Mechanics of Deformable Media (Bhatia and Singh), 5.2:

Consider a long rod of elastically isotropic material of L standing vertically in a vacuum in equilibrium under the gravitational field of the earth, then:

(i) What are the boundary conditions for [tex]\sigma_{ij}[/tex] on the various surfaces of the rod?

(ii) Solve for [tex]\sigma_{ij}[/tex].

## Homework Equations

[tex]\sigma_{ij}[/tex] is defined as the stress on the ith surface in the jth direction.

Equilibrium suggests ([tex]\lambda[/tex] + 2[tex]\mu[/tex])grad(div[tex]\vec{s}[/tex]) - [tex]\mu[/tex] curl(curl[tex]\vec{s}[/tex]) + [tex]\rho[/tex] F = 0

where lambda and mu are constants, s is the displacement field, and F is the body force and rho the density of the material.

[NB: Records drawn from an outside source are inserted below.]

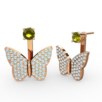 Peridot ve akuamarin 8 ayar rose altın küpe
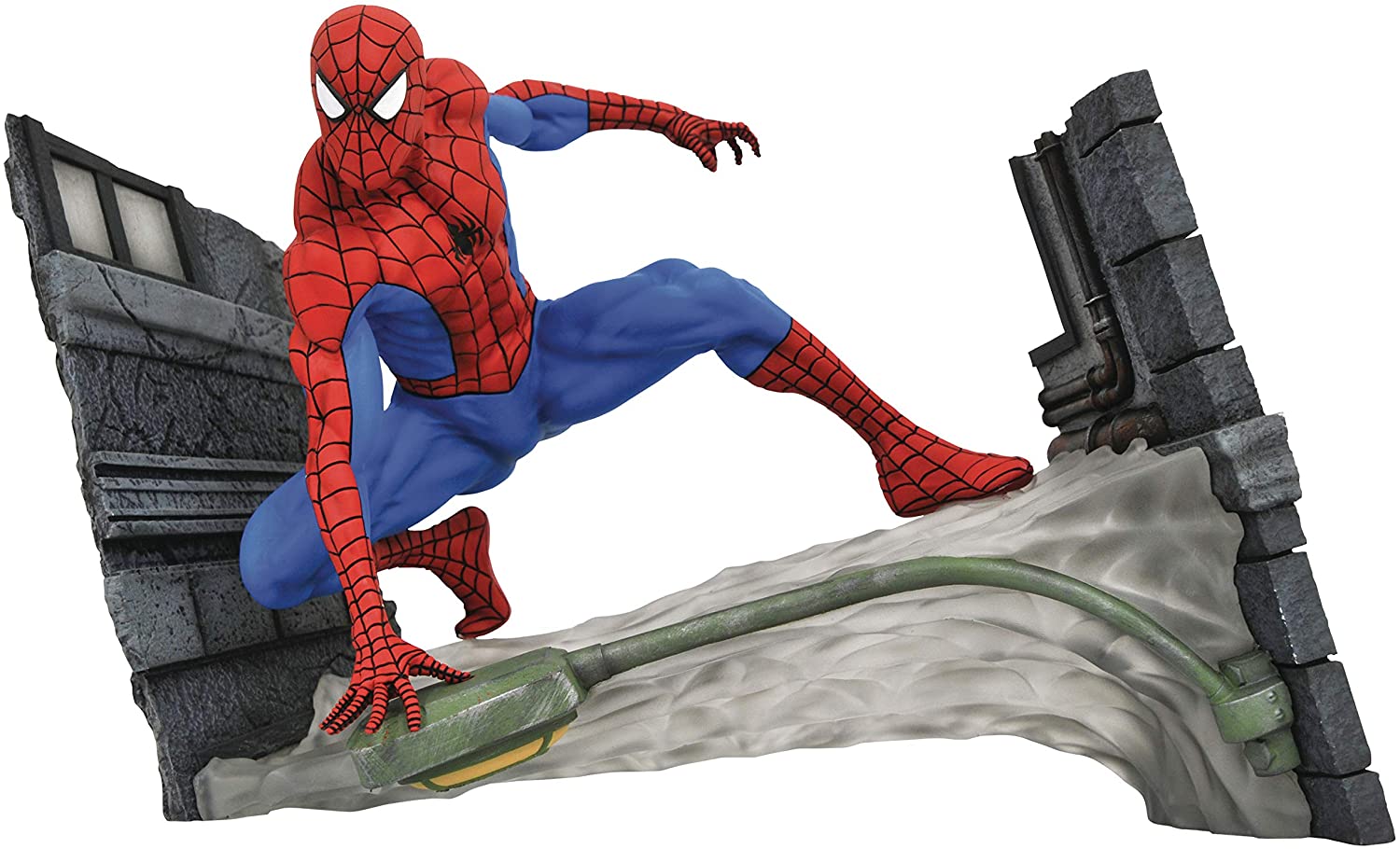 Spider-Man returns with an all-new sculpt in the Marvel Gallery PVC diorama line! Crouched on a web slung across an alleyway, Spider-Man lives up to his namesake in this all-new PVC sculpture portraying the hero in his element. Measuring approximately 7″ high by 11 ” wide, this detailed sculpt by Alterton is based on a design by Caesar, and comes packaged in a full-color window box.
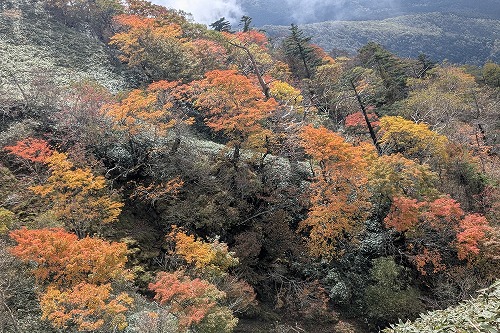 先週歩いた石鎚山は紅葉が少なく、枯れ葉色の目立つ状態で、今年の猛暑の影響かと思われた。

## The Attempt at a Solution

The force IN the rod is the reactant force from it's weight exerted by the surface it rests on. It is purely in the z-axis, in cylindrical polar coordinates.

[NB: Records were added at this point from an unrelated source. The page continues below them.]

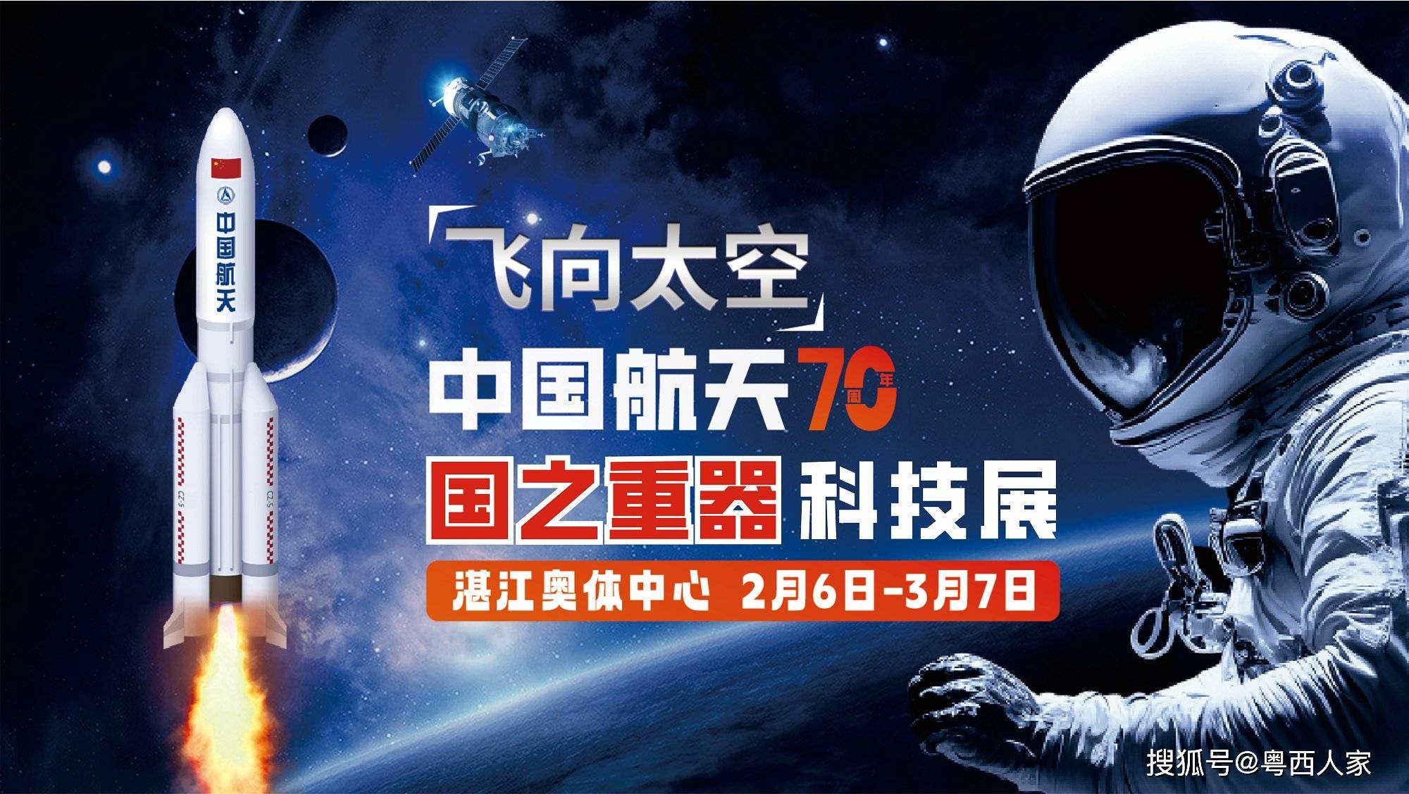 2026年是中国航天事业发展70周年,亦是贯彻落实党的二十届四中全会精神开局之年、实现建军一百年奋斗目标攻坚冲刺之年。值此辞旧迎新、万象更新之际,“飞向太空—中国航天70周年国之重器科技展(湛江)”将于2月6日至3月7日在湛江市奥林匹克体育中心综合训练馆重磅开展。展会联动“来湛江过大年”主题活动,将为市民游客献上“国之重器+新春年味”的双重盛宴,让春节浸润航天荣光与爱国情怀。
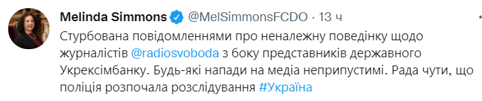 Если до публикации видео руководство банка вело себя вызывающе - говорило, что само подаст заявление на журналистов - то после появления ролика началась реакция иного порядка. Пошла критика из западных посольств. Возмущенный твит написала посол Великобритании Мелинда Симмонс.
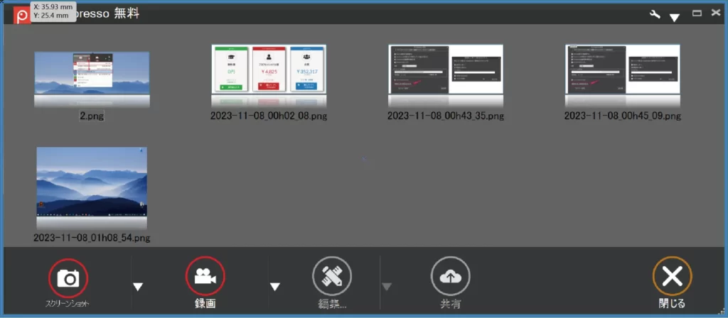 キャプチャーをすると、ここにキャプチャー画像が蓄積されていきますので、画像書庫のように考えて、ここから前にキャプチャーした画像を利用して加工したりする場合に便利です。
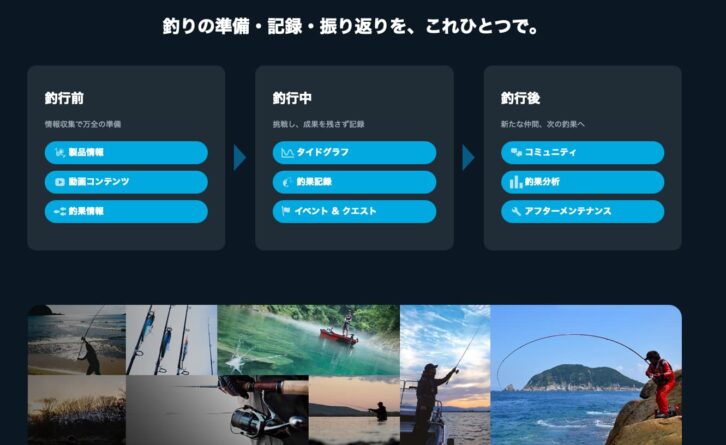 釣りの準備のための情報収集、釣りの記録、振り返りができる
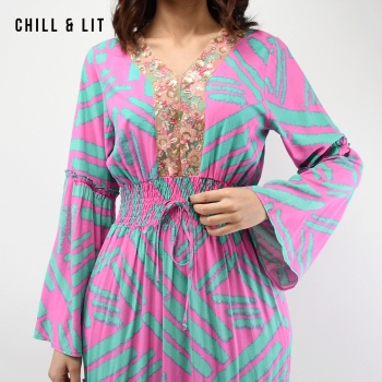 Robe Jebba Longue Raffinée au Style Féminin avec Manches Larges, Col V orné de Broderies. élégante et confortable. Le mannequin porte la taille S .Le Mannequin Mesure:1m78.

[tex]\sigma_{zz} = -\frac{mg}{A}[/tex] at z=0, the end of the rod touching the surface

[tex]\sigma_{zz} = 0[/tex] at z=L, the top of the rod since we're in a vacuum

All other stresses at the boundaries are 0.

I am not sure if my boundaries above are correct and it is not clear to me how to find the stress tensor for part (ii).